Add periodic pandemics to the ageing populations, accelerating rates of chronic disease, innovative technologies and price increases that are already challenging the durability of healthcare systems and the phrase, ‘a perfect storm’ comes to mind.
Prior to this recent challenge*, many countries have managed their health care system budgets by using a variety of prioritisation methods:
- In the case of newer therapies, health technology assessment (HTA) conducted in an environment of accountability and transparency, uses technical judgements of clinical and cost effectiveness to determine the most appropriate use of taxpayers’ money.
- For existing services, a value-based approach, i.e. stop using resources on items that contribute little patient outcomes, has become popular.
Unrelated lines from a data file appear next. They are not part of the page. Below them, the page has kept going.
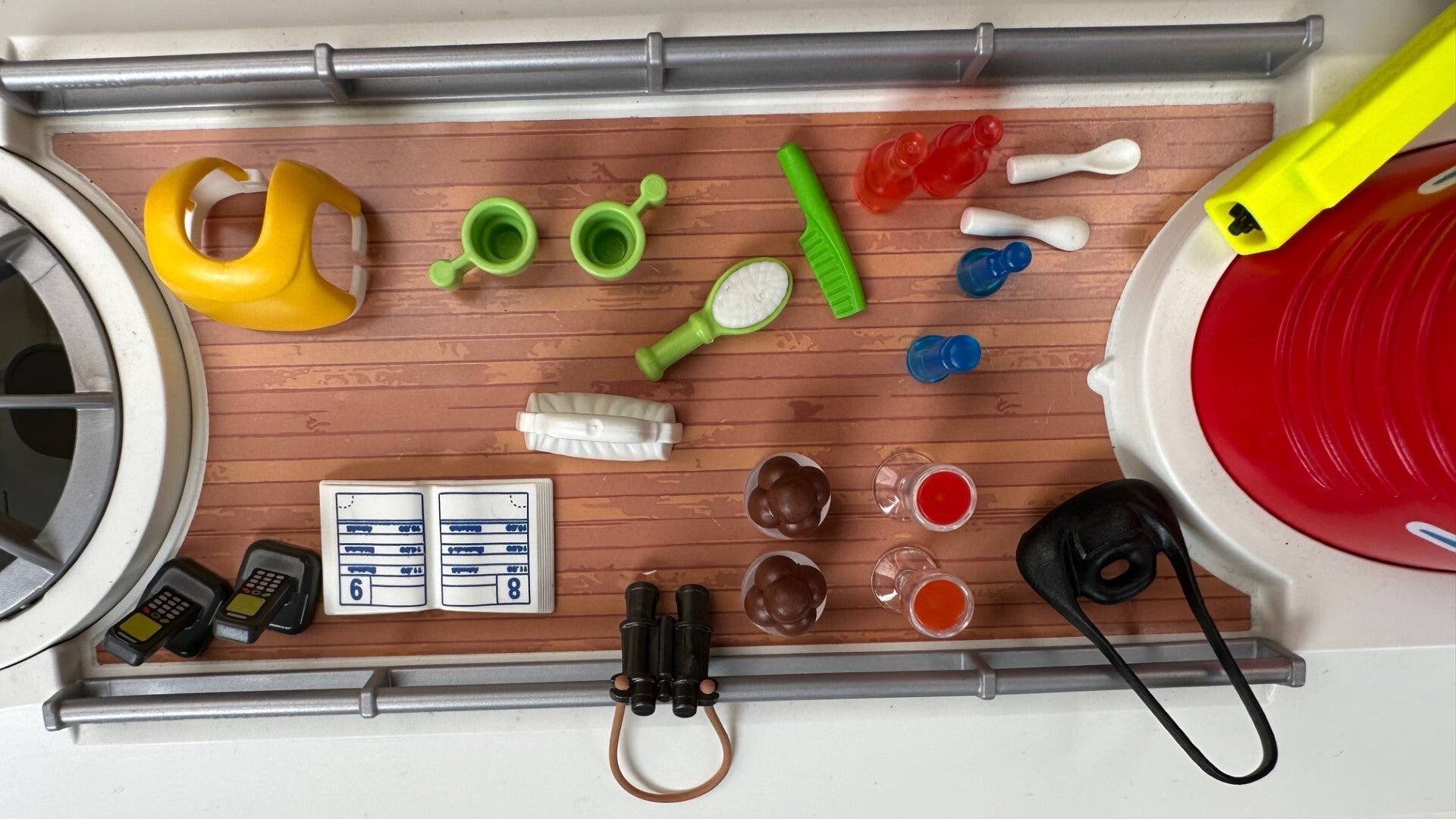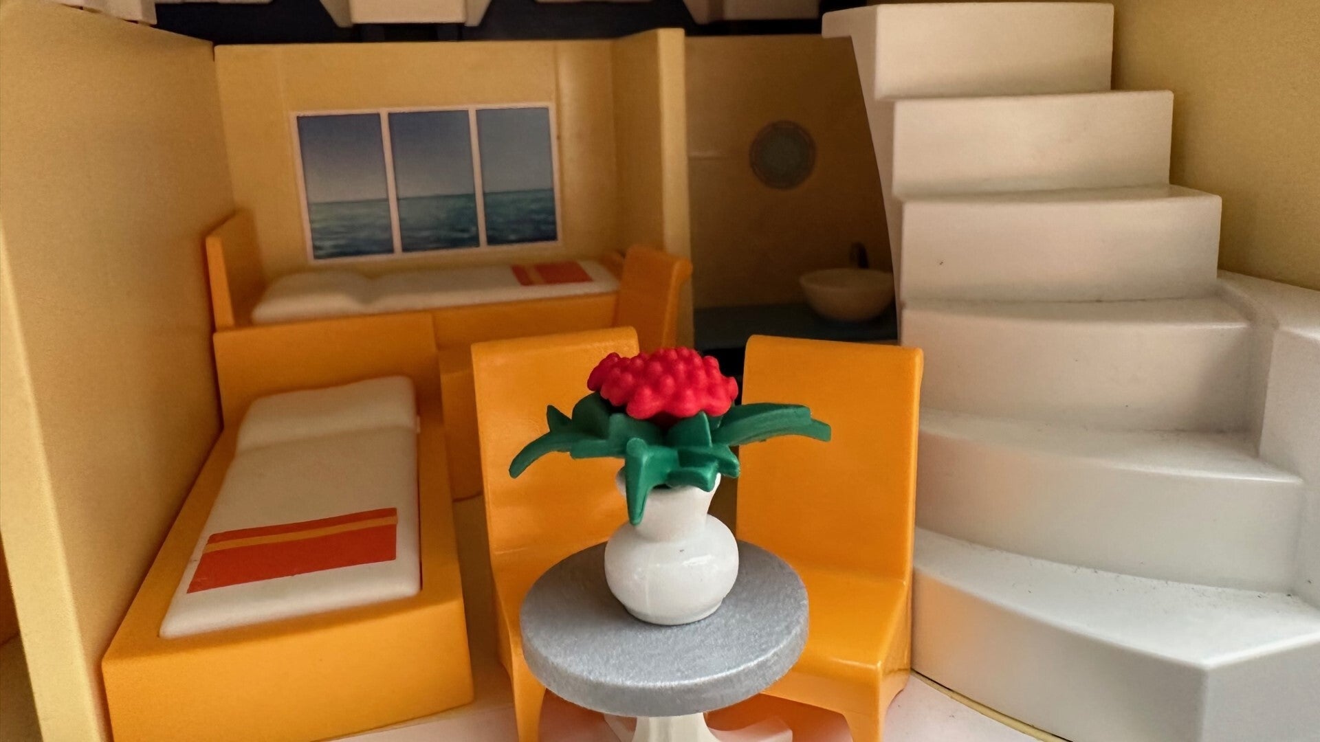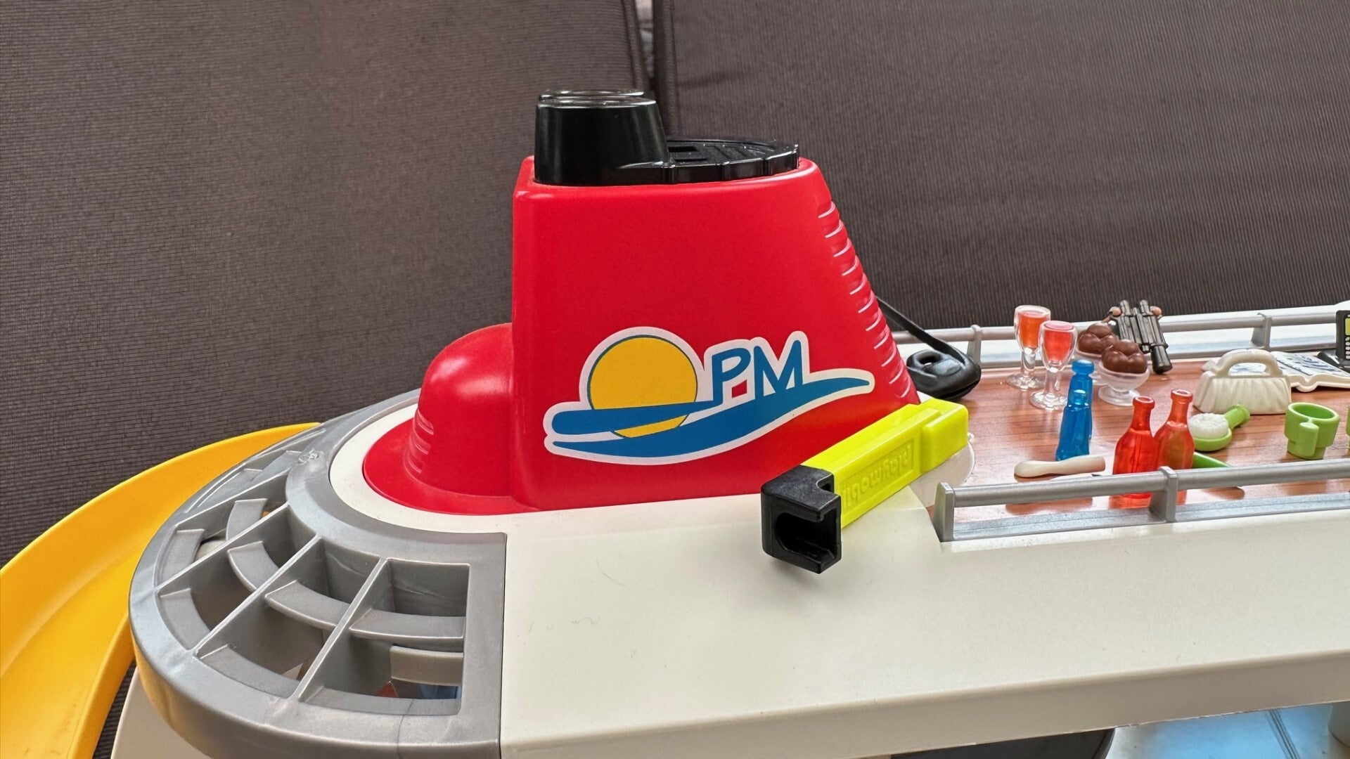 De Playmobil figuren kunnen op het dek staan en kunnen zich vasthouden aan de railing.
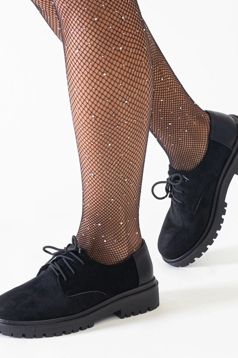 Schwarze Freizeitschuhe mit Schnürung aus Kunstwildleder Kalila
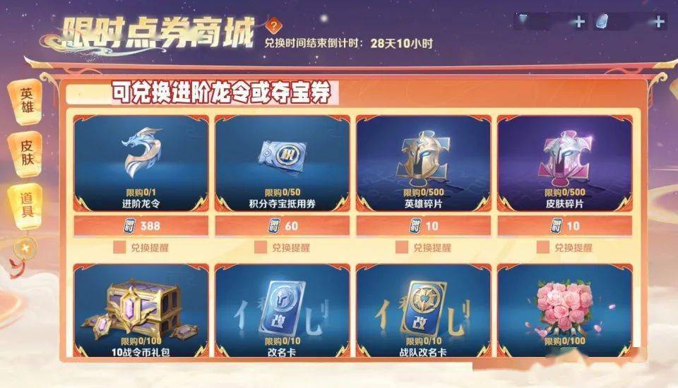 其三是限时点券不够用的玩家,若在集齐大部分高级皮肤的情况下,大概率会开出188或488限时点券,不想要皮肤的玩家,也可刷出限时点券兑换进阶龙令或是积分夺宝券等奖励。
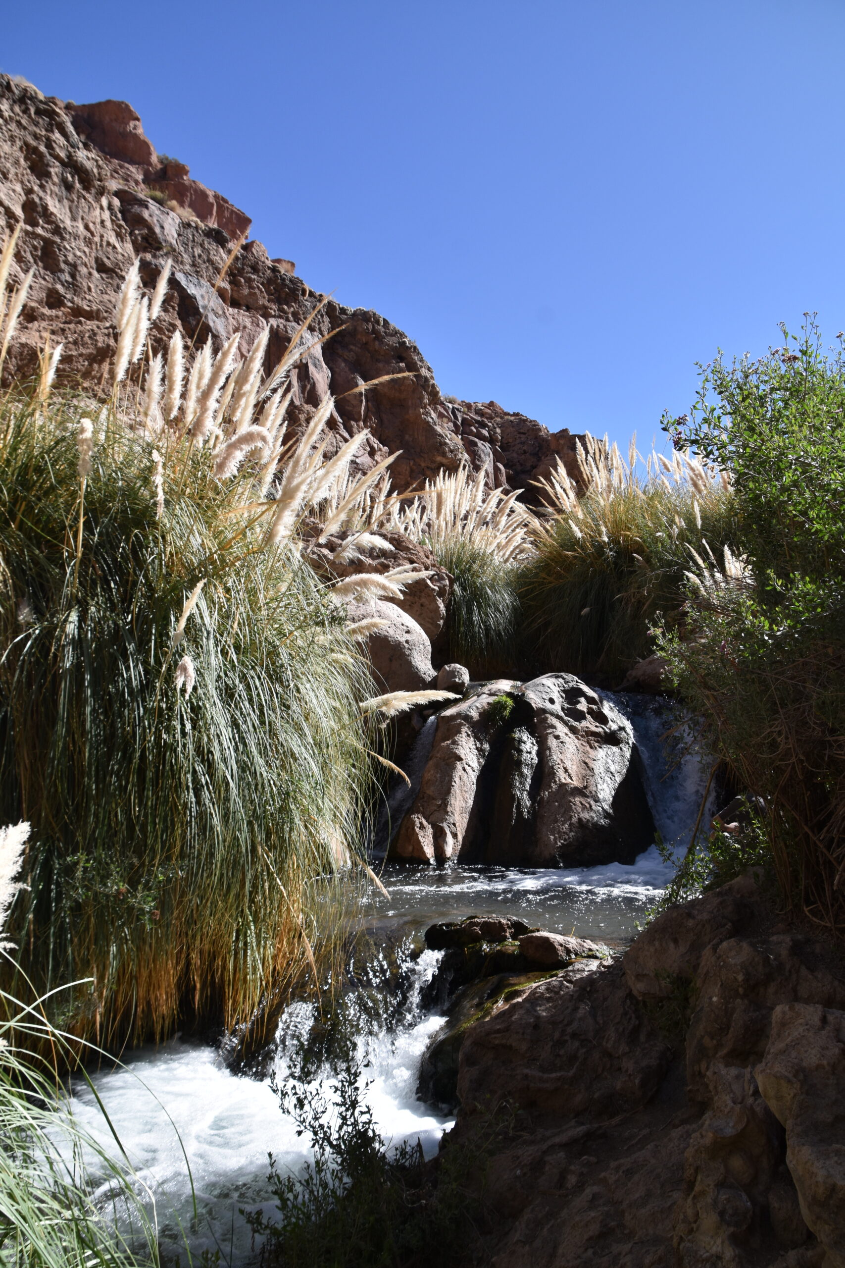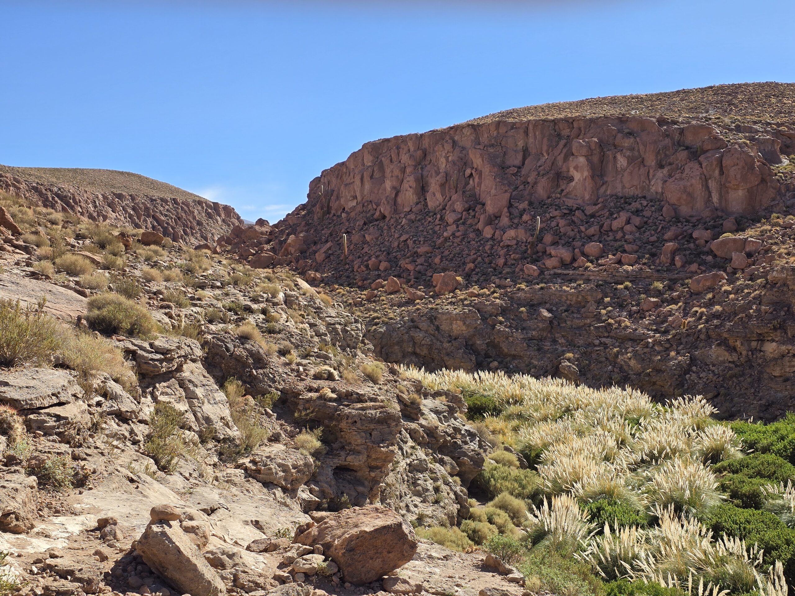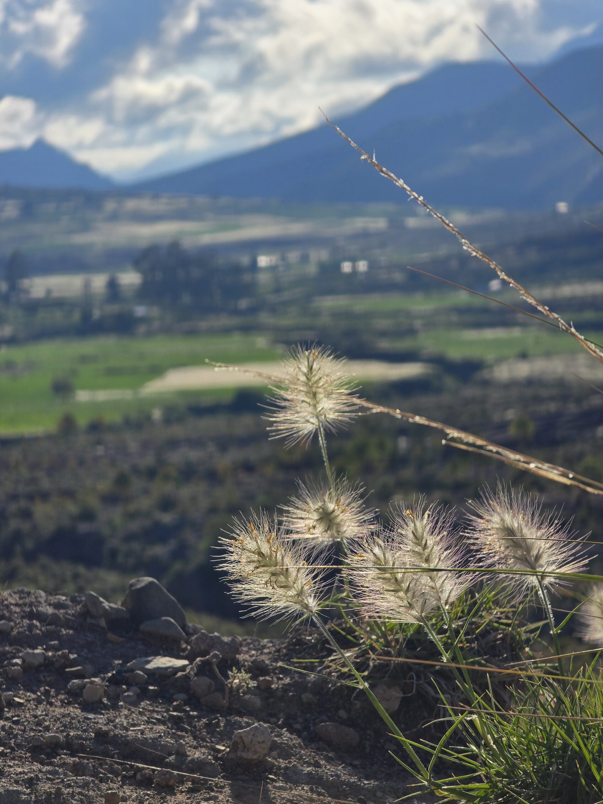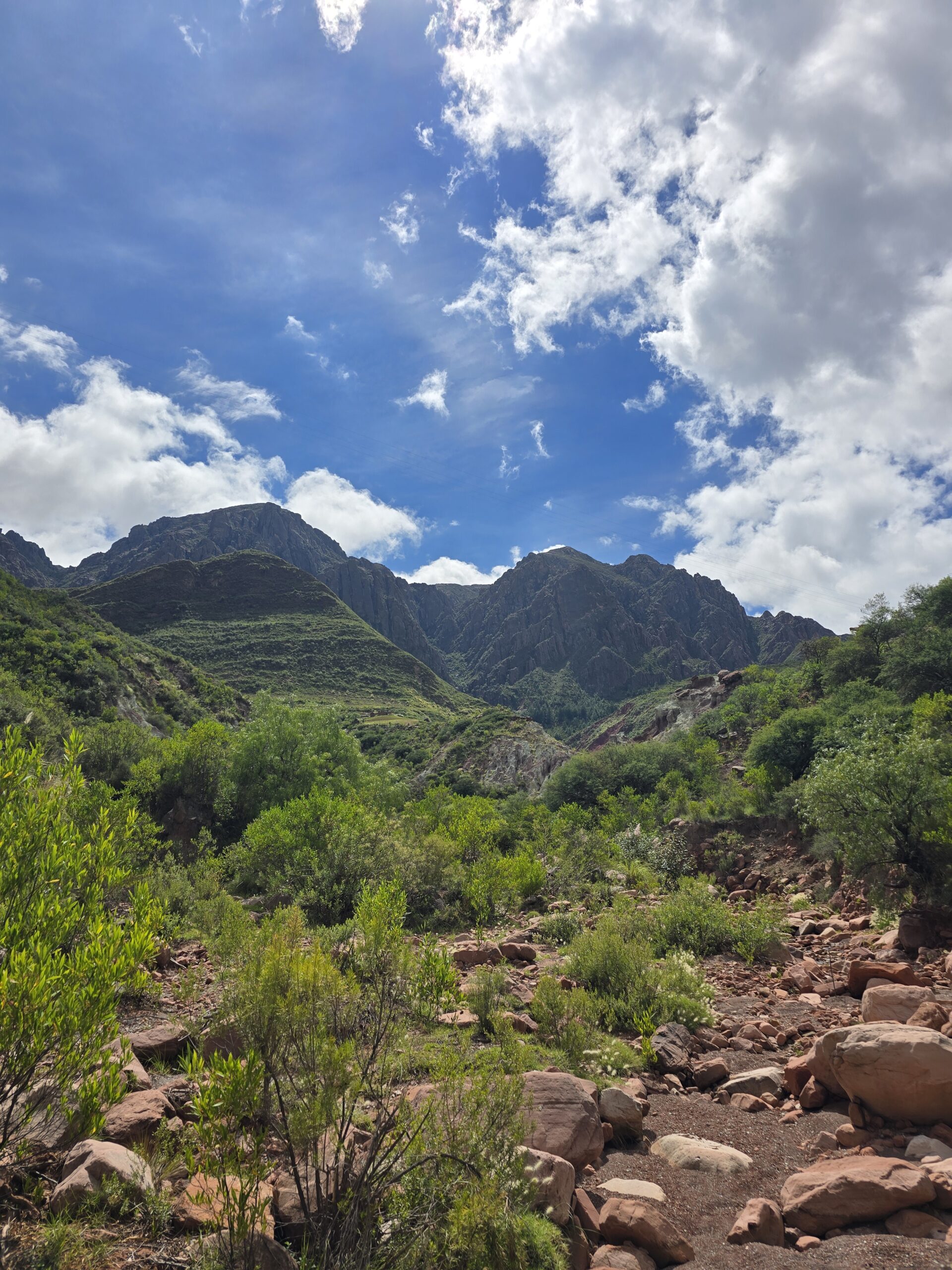 Danach ging es los, die Tour an diesem Tag war etwas länger, aber mit 11 km und etwas über 500 m Anstieg auch nichts Wildes. Erstmal ging es relativ flach am Fluss entlang bis nach Socapampa, dort musste man dann eine doch etwas wenig vertrauenerweckende Brücke überqueren. Danach begann dann der Anstieg. Nach gut 2 km im steilen Stück habe ich dann Pause gemacht und mein Mittagessen verzehrt, das mir das Hostel mitgegeben hatte und das natürlich mit einem tollen Ausblick!

Unfortunately, even if conducted systematically this is not so straight-forward. As noted by Professor Vlado Perkovic during a 2014 panel discussion, a survey carried out by the ANZ Intensive Care Society found only 5% of treatments given to an intensive care patient were supported by reasonable evidence. Similarly, in primary care, Mark Ebell and colleagues (2017) identified that just 18% of clinical recommendations in the literature were based on consistent, high-quality patient-orientated evidence.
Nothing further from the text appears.